REPRESENTING THE VICTIM AT SENTENCING
Three Rights at Sentencing
The victim has at least three rights at sentencing:
To be heard.
To see that conditions are imposed to protect the witness from the defendant
To obtain restitution.
Most sentencing decisions are made well before the actual sentencing hearings, on the basis of the presentence report and objections and other materials which the parties submit to the judge.
Therefore, to protect the victim – the lawyer should confer with the probation officer and prosecutor before sentencing and make written submissions to them and the court stating the victim’s position.
The Right to Be Heard
A crime victim has a right to be heard.
The victim has a right not only to submit written victim impact statements, but to address the court orally at sentencing.
This includes the right to argue for sentencing enhancements that the prosecution has agreed to forego.
The Victim Can Oppose No Contest Pleas
A criminal conviction by plea or verdict may have collateral estoppel effect in civil litigation arising from the same transactions; at the minimum, a plea constitutes strong evidence that that the defendant under oath admitted the essential elements of the offense. However, a conviction by plea of nolo contendere may not have such an effect.
The victim can oppose the acceptance of a no contest plea, both by conferring with the prosecutor and appearing in court to voice objections to the judge.
RESTITUTION AND OTHER COMPENSATION
A crime victim has a right to restitution.
Furthermore, both the probation officer and prosecutor have an obligation to provide the victim an opportunity to state his position on loss and restitution.
Nevertheless, the victim’s lawyer should take the initiative. The prosecutor’s goal often is more to end the case then to protract it with investigation and litigation over damages. The lawyer calculate the loss, including all consequential damages and interest.

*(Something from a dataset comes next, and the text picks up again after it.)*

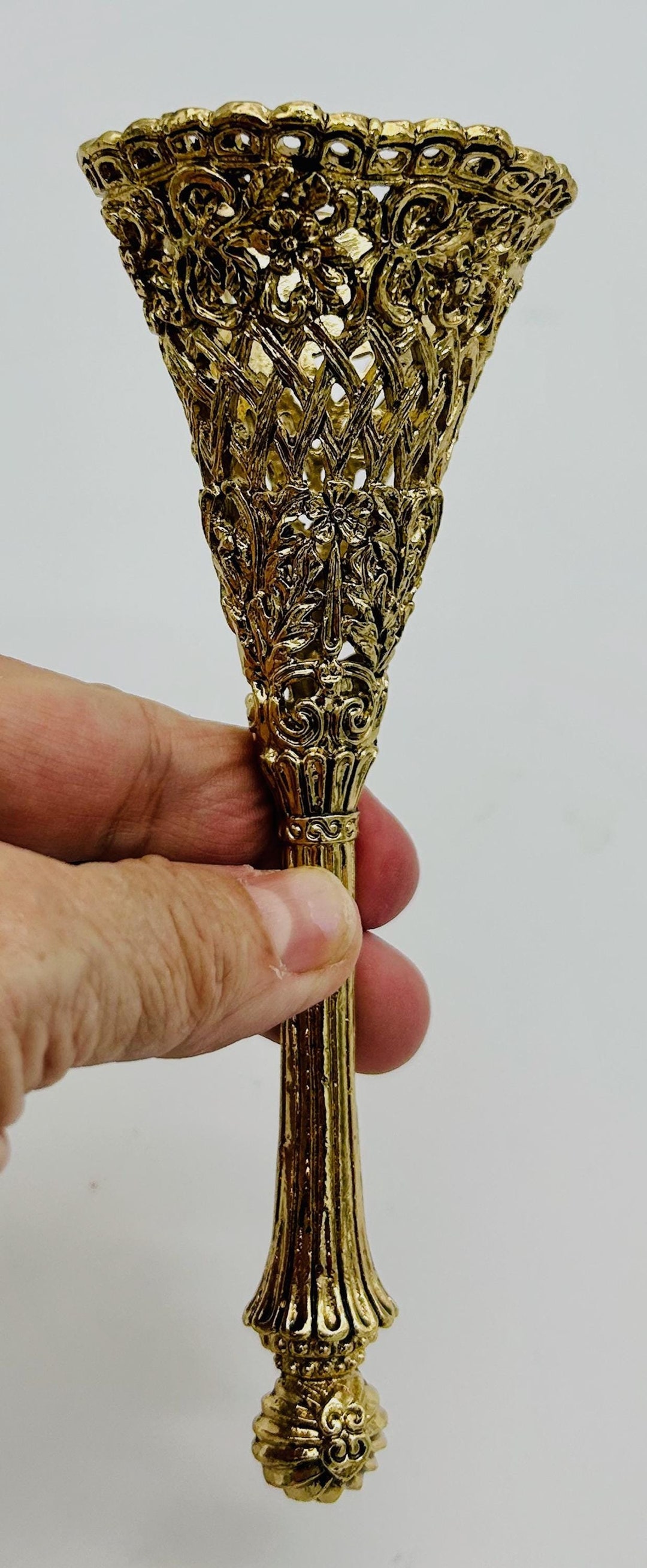Vintage Bouquet Holder 1990s Metal Tussie Mussie Gold Filigree Posy

Prosecutors often seize and forfeit all assets derived from or traceable to the crime. The lawyer can facilitate the restoration by responding promptly and fully to any requests for loss information and persistently making the victim’s position known.
The victim also have a right to submit a separate affidavit or victim impact statement on loss.

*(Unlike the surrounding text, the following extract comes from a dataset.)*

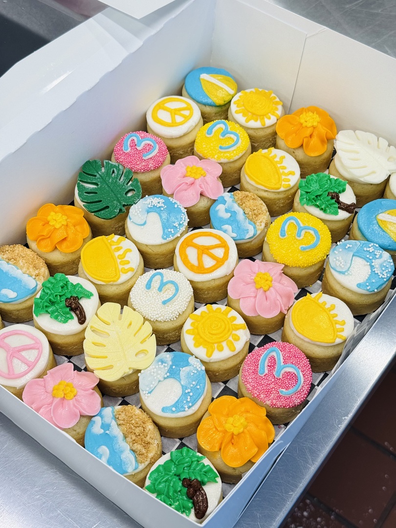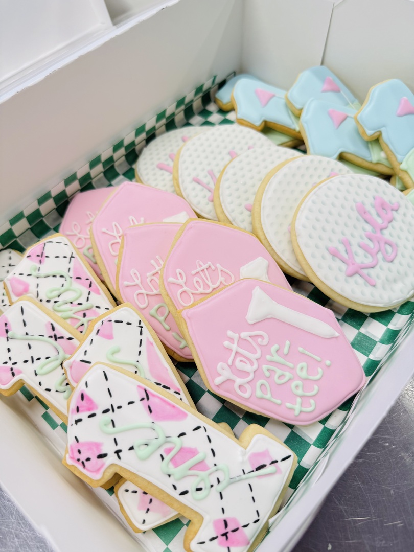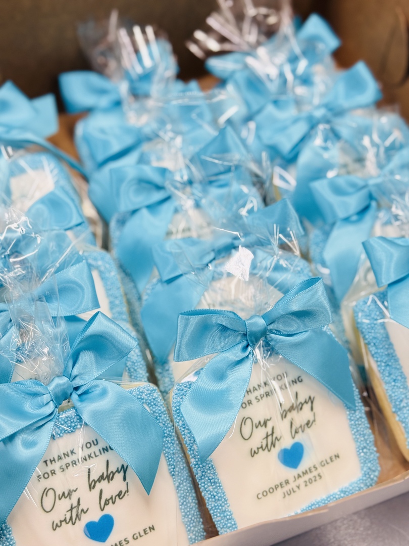 Handcrafted sugar cookies decorated with smooth royal icing and fully customizable for your event. Perfect as gifts, favors, or part of a dessert display.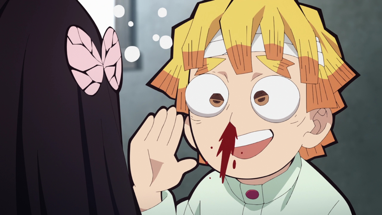 The best part of the premiere was definitely the first half after Muzan’s scene, we head back to the butterfly mansion where the boys are recovering. Zenitsu gives a quick run down of everyone’s emotions during all this and as he sneakily steals some buns from the kitchen to cheer Tanjiro up, we find out he’s missing.

Reviewing the Colorado Presentence Report
The victim has the right to review the presentence report and the recommendation regarding restitution. The court will rely on the report in arriving at a restitution figure, so the lawyer will want to know its bottom line. If the presentence report is unsatisfactory, the lawyer will want to voice the objection to its calculation of the loss the defendant caused to the victim.
You can sidestep this issue by asking the probation officer and prosecutor to share with you not the report itself but part of its contents (e.g., the calculations and conclusion on restitution and the defendant’s ability to pay).
Converting A Colorado Criminal Restitution Order to an Executable Civil Judgment
Most defendants do not have the ability to pay full restitution immediately. The sentence may permit them to pay it over time, often as a condition of probation, parole or supervised release.
The criminal judgment may expire with the end of the supervision term, but Colorado criminal statutes authorize the victim to convert the criminal judgment into a civil judgment and execute it accordingly.
The victim named in the restitution order and the prosecutor can request that the clerk enter a judgment based on the restitution order. The lawyer can assist and see that it gets recorded and entered as a lien on the defendant’s property.
The restitution order requires the defendant to notify the court and prosecutor of any change in circumstances that might affect his ability to pay restitution and likewise requires the prosecutor to notify the victim of the change.